··· Given records ···

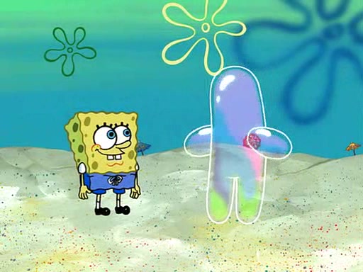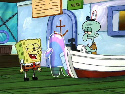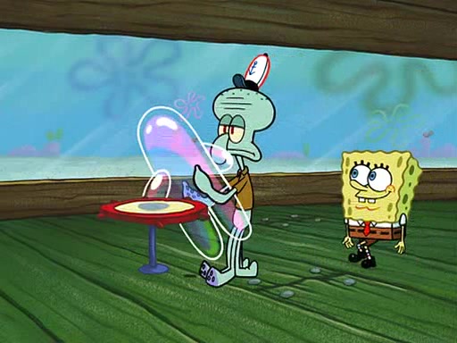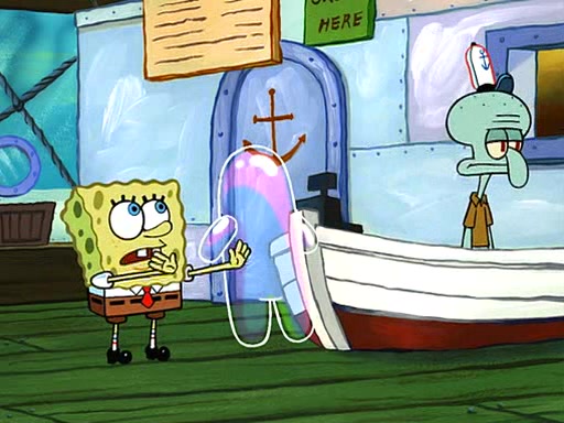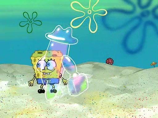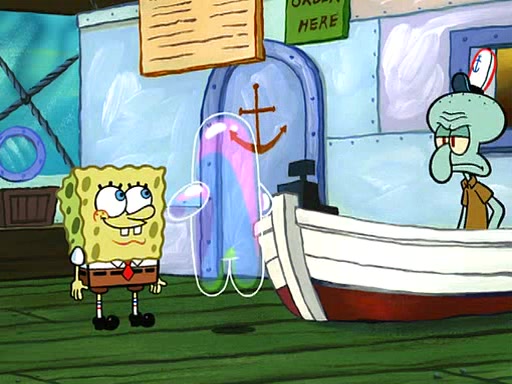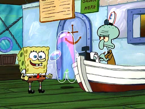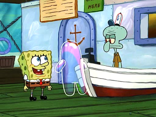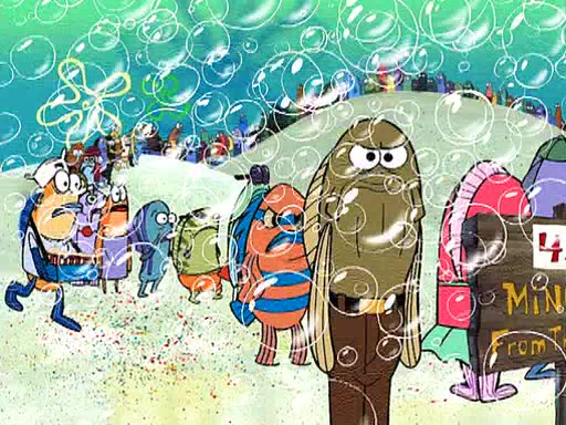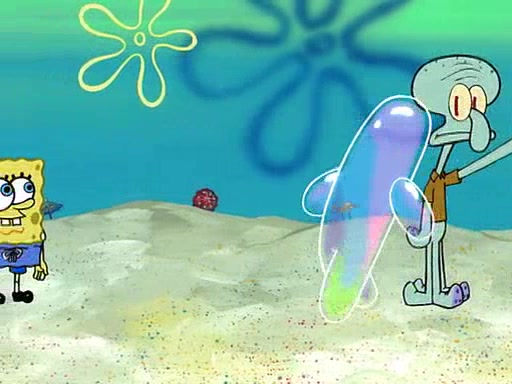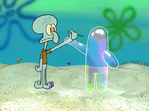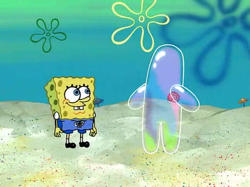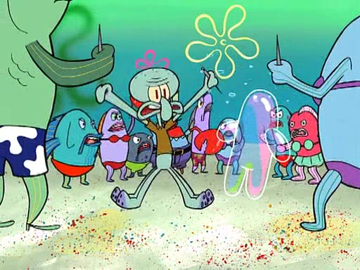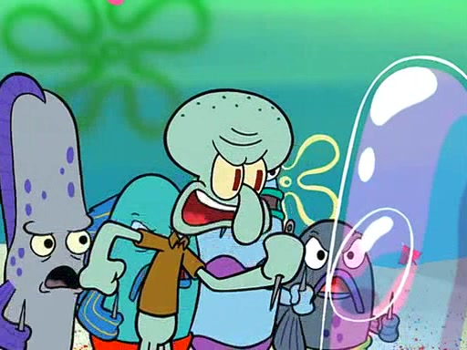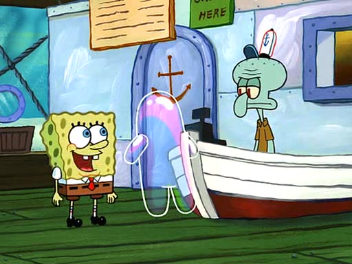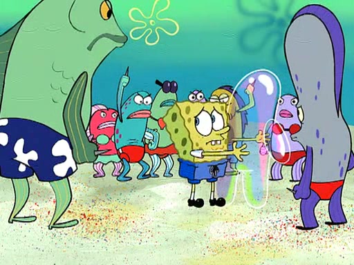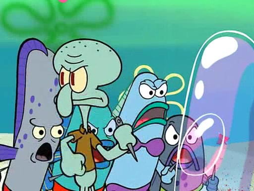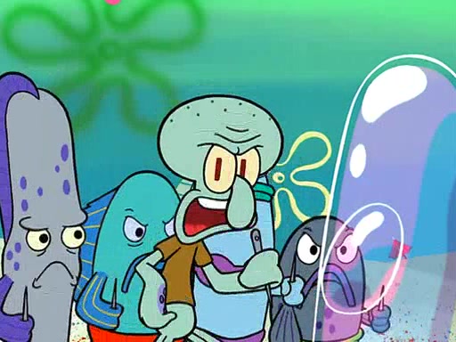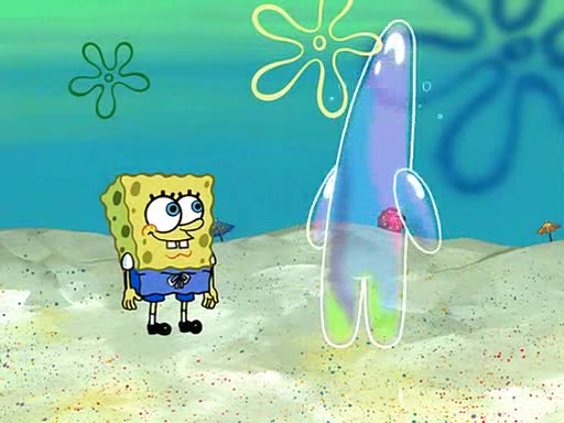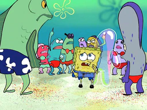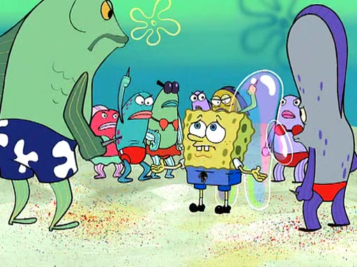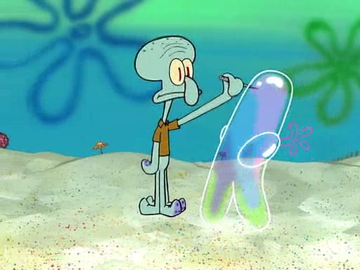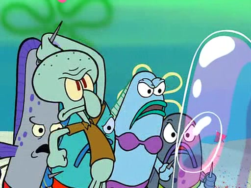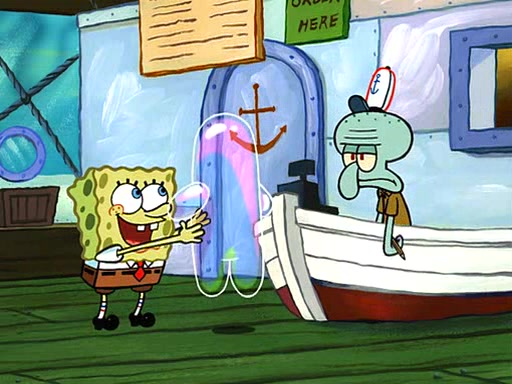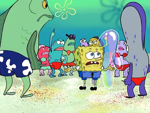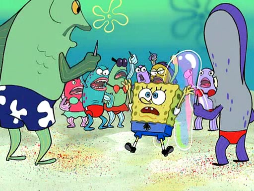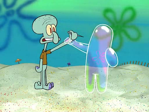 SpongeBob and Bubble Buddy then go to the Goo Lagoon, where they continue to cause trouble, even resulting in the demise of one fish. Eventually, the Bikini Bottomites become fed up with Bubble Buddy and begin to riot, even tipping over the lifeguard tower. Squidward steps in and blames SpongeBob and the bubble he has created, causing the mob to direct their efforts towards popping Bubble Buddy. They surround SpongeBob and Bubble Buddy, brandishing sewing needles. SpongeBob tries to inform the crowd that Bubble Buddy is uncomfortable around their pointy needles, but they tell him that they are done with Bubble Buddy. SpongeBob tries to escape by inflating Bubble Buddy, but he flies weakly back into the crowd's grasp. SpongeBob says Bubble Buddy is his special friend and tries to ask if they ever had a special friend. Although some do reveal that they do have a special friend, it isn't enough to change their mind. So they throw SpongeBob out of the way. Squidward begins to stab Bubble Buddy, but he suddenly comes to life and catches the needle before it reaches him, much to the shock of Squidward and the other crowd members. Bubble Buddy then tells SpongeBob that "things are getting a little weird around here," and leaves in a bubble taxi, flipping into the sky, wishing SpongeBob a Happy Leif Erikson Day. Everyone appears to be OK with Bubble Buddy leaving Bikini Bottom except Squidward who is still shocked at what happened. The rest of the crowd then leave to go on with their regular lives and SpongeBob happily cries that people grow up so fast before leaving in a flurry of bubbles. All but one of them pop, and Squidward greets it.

···
··· Given records ···

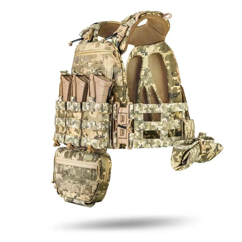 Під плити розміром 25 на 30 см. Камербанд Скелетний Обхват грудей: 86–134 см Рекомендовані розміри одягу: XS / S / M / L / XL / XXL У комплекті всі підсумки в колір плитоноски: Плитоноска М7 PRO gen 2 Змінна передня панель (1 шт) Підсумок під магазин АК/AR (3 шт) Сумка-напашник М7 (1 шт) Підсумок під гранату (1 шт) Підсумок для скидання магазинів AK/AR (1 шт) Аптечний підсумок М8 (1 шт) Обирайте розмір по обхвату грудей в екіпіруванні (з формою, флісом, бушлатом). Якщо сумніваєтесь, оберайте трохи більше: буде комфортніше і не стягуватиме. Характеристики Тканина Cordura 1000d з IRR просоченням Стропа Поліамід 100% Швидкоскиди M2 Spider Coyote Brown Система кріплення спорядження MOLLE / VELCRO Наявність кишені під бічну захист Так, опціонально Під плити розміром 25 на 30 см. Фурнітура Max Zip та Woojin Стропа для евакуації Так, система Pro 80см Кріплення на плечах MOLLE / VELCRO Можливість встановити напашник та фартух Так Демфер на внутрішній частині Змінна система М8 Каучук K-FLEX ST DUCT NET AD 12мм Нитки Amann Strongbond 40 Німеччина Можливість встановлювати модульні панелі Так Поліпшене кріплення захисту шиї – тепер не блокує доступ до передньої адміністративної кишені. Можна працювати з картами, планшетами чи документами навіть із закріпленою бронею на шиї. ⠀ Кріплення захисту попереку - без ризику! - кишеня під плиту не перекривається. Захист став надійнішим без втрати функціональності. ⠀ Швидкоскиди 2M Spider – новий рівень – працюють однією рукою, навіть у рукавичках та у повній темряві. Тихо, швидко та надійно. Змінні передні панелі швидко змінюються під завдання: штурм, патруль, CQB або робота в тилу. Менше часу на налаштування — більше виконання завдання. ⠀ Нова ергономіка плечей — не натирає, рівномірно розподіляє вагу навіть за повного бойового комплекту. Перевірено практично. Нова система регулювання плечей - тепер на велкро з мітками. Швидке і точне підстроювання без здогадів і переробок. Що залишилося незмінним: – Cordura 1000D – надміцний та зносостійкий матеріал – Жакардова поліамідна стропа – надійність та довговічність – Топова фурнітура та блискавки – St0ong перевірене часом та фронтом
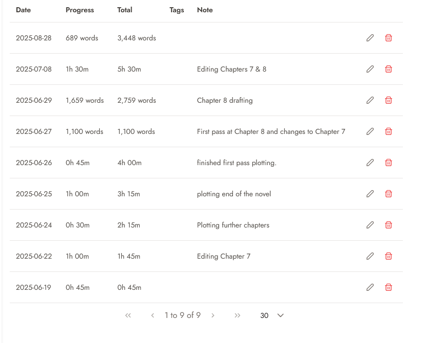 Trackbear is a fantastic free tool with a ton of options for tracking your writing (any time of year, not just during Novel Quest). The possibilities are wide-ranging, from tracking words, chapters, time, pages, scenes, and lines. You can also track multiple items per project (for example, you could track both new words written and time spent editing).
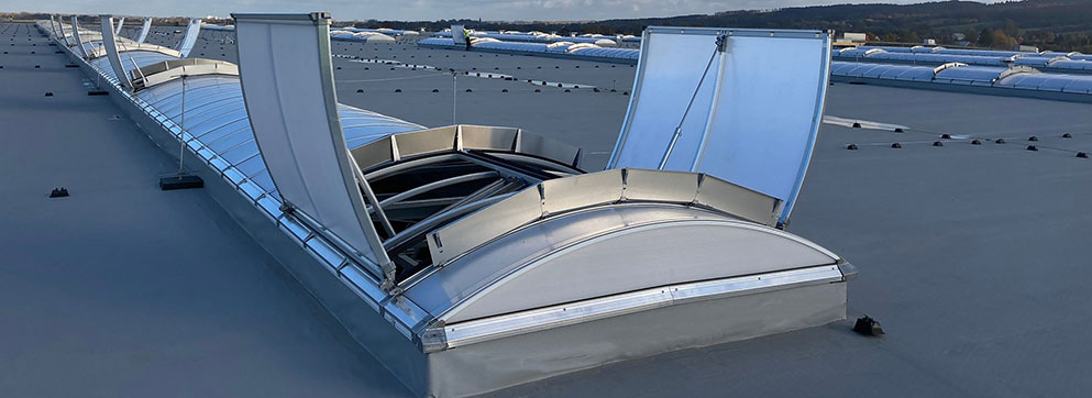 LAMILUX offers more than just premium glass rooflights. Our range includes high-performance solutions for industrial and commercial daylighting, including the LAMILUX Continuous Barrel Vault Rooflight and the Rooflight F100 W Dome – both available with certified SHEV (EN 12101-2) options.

···

Problem statement: Using the listing above, repeat word for word each line from the one with "Trackbear is a" down to the one with "LAMILUX offers more", both included. Omit all pictures.

Response area:
 Trackbear is a fantastic free tool with a ton of options for tracking your writing (any time of year, not just during Novel Quest). The possibilities are wide-ranging, from tracking words, chapters, time, pages, scenes, and lines. You can also track multiple items per project (for example, you could track both new words written and time spent editing).
 LAMILUX offers more than just premium glass rooflights. Our range includes high-performance solutions for industrial and commercial daylighting, including the LAMILUX Continuous Barrel Vault Rooflight and the Rooflight F100 W Dome – both available with certified SHEV (EN 12101-2) options.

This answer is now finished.